I guess I need to back up my claim about Estonian men not being educated, since it was questioned by a commenter.

Here's the best I could find with a quick search:
http://www.epl.ee/artikkel/444738

Already by high school, and males represent only 41% of students, and it just gets worse when moving on to university.

Let's take Tartu University:
http://raud.ut.ee/~elasn/AANN01.html
70% female (9580/13759)

I picked Tartu instead of Tallinn Technical or Tallinn University because those two have specific focuses (engineering and humanities, respectively) so there are typically gender difference. Tartu has a broad range of studies so should more closely reflect a typical gender breakdown.

So while in general in Estonia there is value placed on education, it seems like mostly the women value it.

Justin ütles ...

And let's compare to the US and male educational achievement.

Let's take a place like Harvard, since it offers a wide range of studies and is not focused specifically on humanities or engineering fields:
http://www.provost.harvard.edu/institutional_research/FB2008_09_Enrollments.pdf

Looks like a fairly even split male/female.

Now let's look at US Census data on education achievement:
http://www.census.gov/population/www/socdemo/education/cps2008.html

(Table 2, compare Male and Female data, cells H7 and I7)

Slightly more females than males have earned bachelor's or master's degrees, but not by a large percentage.

Looks like males aren't falling through the cracks as much in the US as in Estonia, in terms of education.

Anonüümne ütles ...

I think the lack of education and emasculation of Estonian men is a major problem.

A.R.G ütles ...

Puu, you are the strangest feminist ever! You probably have few dead guys stuffed in your closet, right?

Kristopher ütles ...

Maybe the educational system favours women because there is the understanding that they can be paid far less than the men, without them ever complaining.

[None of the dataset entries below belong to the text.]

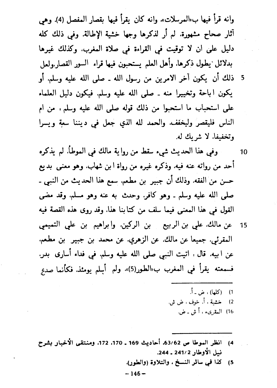 وَأَنَّهُ قَرَأَ فِيهَا بِ الْمُرْسَلَاتِ وَأَنَّهُ كَانَ يَقْرَأُ فِيهَا بِقِصَارِ الْمُفَصَّلِ وَهِيَ آثَارٌ صِحَاحٌ مَشْهُورَةٌ لَمْ أَرَ لِذِكْرِهَا وَجْهًا خَشْيَةَ الْإِطَالَةِ وَفِي ذَلِكَ كُلِّهِ دَلِيلٌ عَلَى أَنْ لَا تَوْقِيتَ فِي الْقِرَاءَةِ فِي صَلَاةِ الْمَغْرِبِ وَكَذَلِكَ غَيْرُهَا بِدَلَائِلَ يَطُولُ ذِكْرُهَا وَأَهْلُ الْعِلْمِ يَسْتَحِبُّونَ فيها قراء السُّوَرِ الْقِصَارِ وَلَعَلَّ ذَلِكَ أَنْ يَكُونَ آخِرُ الْأَمْرَيْنِ مِنْ رَسُولِ اللَّهِ صَلَّى اللَّهُ عَلَيْهِ وَسَلَّمَ أَوْ يَكُونَ إِبَاحَةً وَتَخْيِيرًا مِنْهُ صَلَّى اللَّهُ عَلَيْهِ وَسَلَّمَ فَيَكُونُ دَلِيلُ الْعُلَمَاءِ عَلَى اسْتِحْبَابِ مَا اسْتَحَبُّوا مِنْ ذَلِكَ قَوْلُهُ صَلَّى اللَّهُ عَلَيْهِ وَسَلَّمَ مَنْ أَمَّ النَّاسَ فَلْيُقَصِّرْ وَلْيُخَفِّفْ وَالْحَمْدُ لِلَّهِ الَّذِي جَعَلَ فِي دِينِنَا سَعَةً وَيُسْرًا وَتَخْفِيفًا لَا شَرِيكَ لَهُ وَفِي هَذَا الْحَدِيثِ شَيْءٌ سَقَطَ مِنْ رِوَايَةِ مَالِكٍ فِي الْمُوَطَّأِ لَمْ يَذْكُرْهُ أَحَدٌ مِنْ رُوَاتِهِ عَنْهُ فِيهِ وَذَكَرَهُ غَيْرُهُ مِنْ رُوَاةِ ابْنِ شِهَابٍ وَهُوَ مَعْنًى بَدِيعٌ حَسَنٌ مِنَ الْفِقْهِ وَذَلِكَ أَنَّ جُبَيْرَ بْنِ مُطْعِمٍ سَمِعَ هَذَا الْحَدِيثَ مِنَ النَّبِيِّ صَلَّى اللَّهُ عَلَيْهِ وَسَلَّمَ وَهُوَ كَافِرٌ وَحَدَّثَ بِهِ عَنْهُ وَهُوَ مُسْلِمٌ وَقَدْ مَضَى الْقَوْلُ فِي هَذَا الْمَعْنَى فِيمَا سَلَفَ مِنْ كِتَابِنَا هَذَا وَقَدْ رَوَى هَذِهِ الْقِصَّةَ فِيهِ عَنْ مَالِكٍ عَلِيُّ بْنُ الرَّبِيعِ بْنِ الرُّكَيْنِ وَإِبْرَاهِيمُ بْنُ عَلِيٍّ التَّمِيمِيُّ الْمَقْرَئِيُّ جَمِيعًا عَنْ مَالِكٍ عَنِ الزُّهْرِيِّ عَنْ مُحَمَّدِ بْنِ جُبَيْرِ بْنِ مطعم عَنْ أَبِيهِ قَالَ أَتَيْتُ النَّبِيَّ صَلَّى اللَّهُ عَلَيْهِ وَسَلَّمَ فِي فِدَاءِ أُسَارَى بَدْرٍ فَسَمِعْتُهُ يَقْرَأُ فِي الْمَغْرِبِ بِ الطُّورِ وَلَمْ أُسْلِمْ يَوْمَئِذٍ فَكَأَنَّمَا صَدَعَ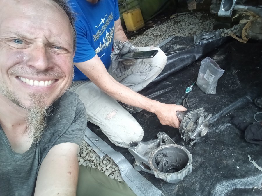 Ja, und dann ist die Dicke runderneuert, was die schlimmen Teile am Motor angeht, die unserer Weiter- und Heimreise im Wege stehen könnten. Ihr könnt euch sicher vorstellen, wie viele schwere Brocken von unseren Herzen gefallen sind. Erleichterung pur!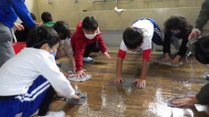 すると,近くで掃除をしていた子,目の前の1組の下雑巾係の子,通りすがりの子,お手伝いに来てくれている6年生,たくさんの子が進んで雑巾で水を拭いてくれました。誰一人,いやなことを言う子はいませんでした。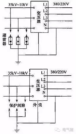 4低压侧装设阀型避雷器或保护间隙 低压侧装设避雷器主要在多雷区使用,以防止雷电波由低压侧侵入而击穿变压器的绝缘。当变压器低压侧中性点不接地时,其中性点也应加装避雷器或保护间隙。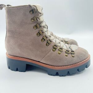 Jeffrey Campbell Culvert suede winter warm fur lace up boots block heel womans 8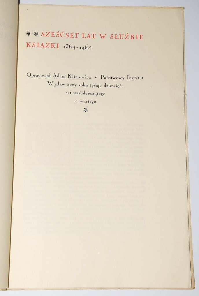 Tytuł: Sześćset lat w służbie książki 1364-1964.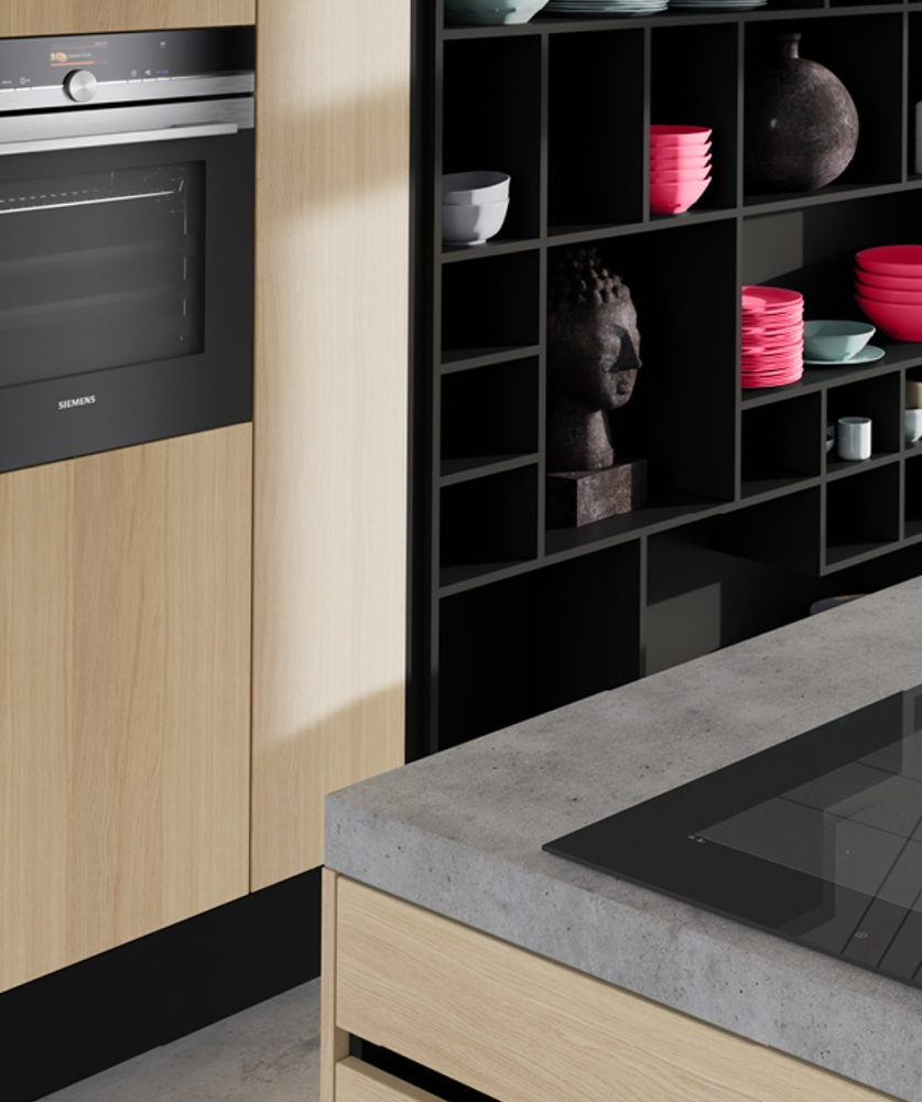 Viva Magenta 18-1750 is Pantene’s colour of the year for 2023 and has been incorporated strategically into this Siemens kitchen. It is a bold colour, so subtle additions of the shade can elevate your kitchen this summer. See the Instagram post.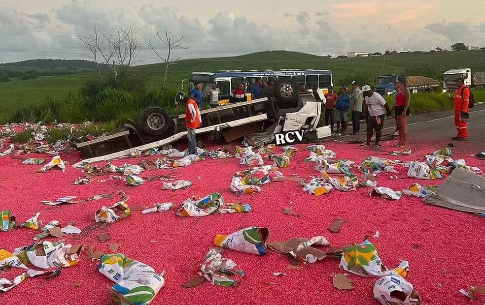 Ele conduzia um caminhão que transportava sementes de milho, quando perdeu o controle do veículo e colidiu contra a mureta que separa as vias. A carga ficou espalhada pela pista.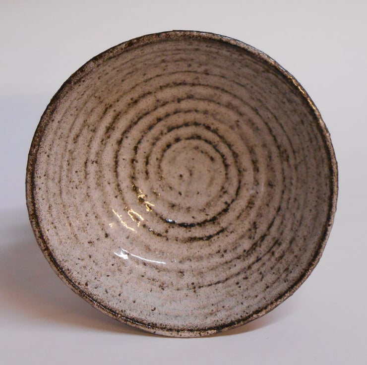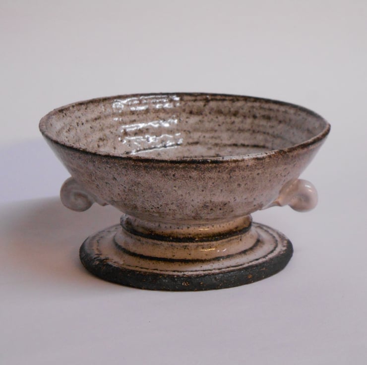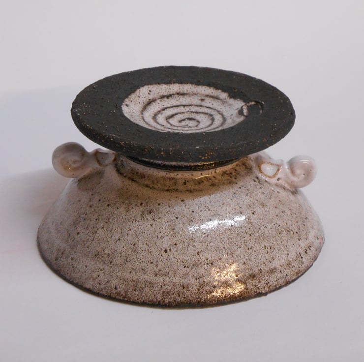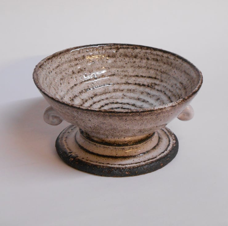 I have made many Stemmed bowls with twizzles, all different, and this was a creation using sandy Black clay glazed with contrasting shiny Tin white glaze.
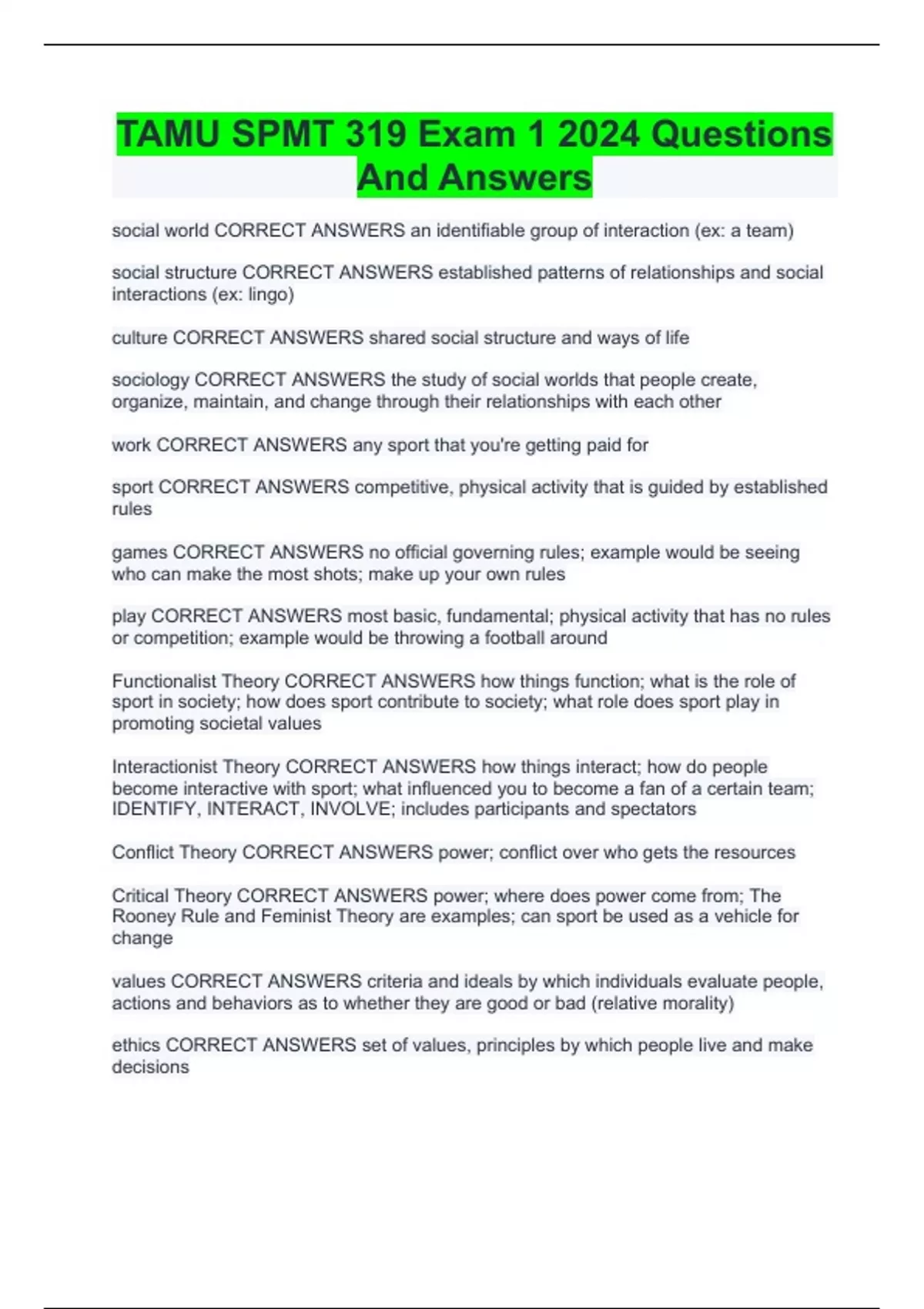 TAMU SPMT 319 Exam 1 2024 Questions And Answers

Seriously, whatever the generalized stats, I know plenty of guys with vocational or no degrees who are handy and the wife earns the big money.

As we know from the States, a run-of-the-mill liberal arts undergraduate degree doesn't exactly guarantee you a good job upon graduation. All of the older men in my Estonian family always gave me the advice to go into "hard science". (Don't snicker, it means physical science and tech.) In the 1990s it was law.

I would also not give very much credence to the view of Estonian males as somehow Neanderthal, or seeing everything through the prism of colonists and colonizers. That's a case of seeing what one wants to see and rote extrapolation of stereotypes that may apply in some South American country. Life is less Freudian than some in the commentarium make it out to be. There doesn't always have to be a deep psychic insecurity to explain every statistic. Inner Monologue has actually argued persuasively in the past, I think, (and not at all out of self-interest or self-defence) that men and women in Estonia have and know their roles and it is not that dysfunctional a set-up.

plasma-jack ütles ...

If one talks often about "gender roles", one is already a bit wicked imho. Overthinking is one mental problem that can be increased by (especially humanitarian) education, of that I'm sure. Some men are jackasses and some women are bitches, but this ain't got nothing to do with gender issues.

LPR ütles ...

A.R.G -

Puu is a normal feminist. It is I who is a strange feminist because I am a man.

It is in my interest that feminines stay feminine and beautiful and that there be plenty of them around me.

Like florist is interested in flora being ... plentiful and flowerful.

Sure it is all driven by satisfying one's cravings and needs, but the way I see it, this exploitation and dependency is mutual.

Problems only crop up when flowers start gimping the florist and bending the balance.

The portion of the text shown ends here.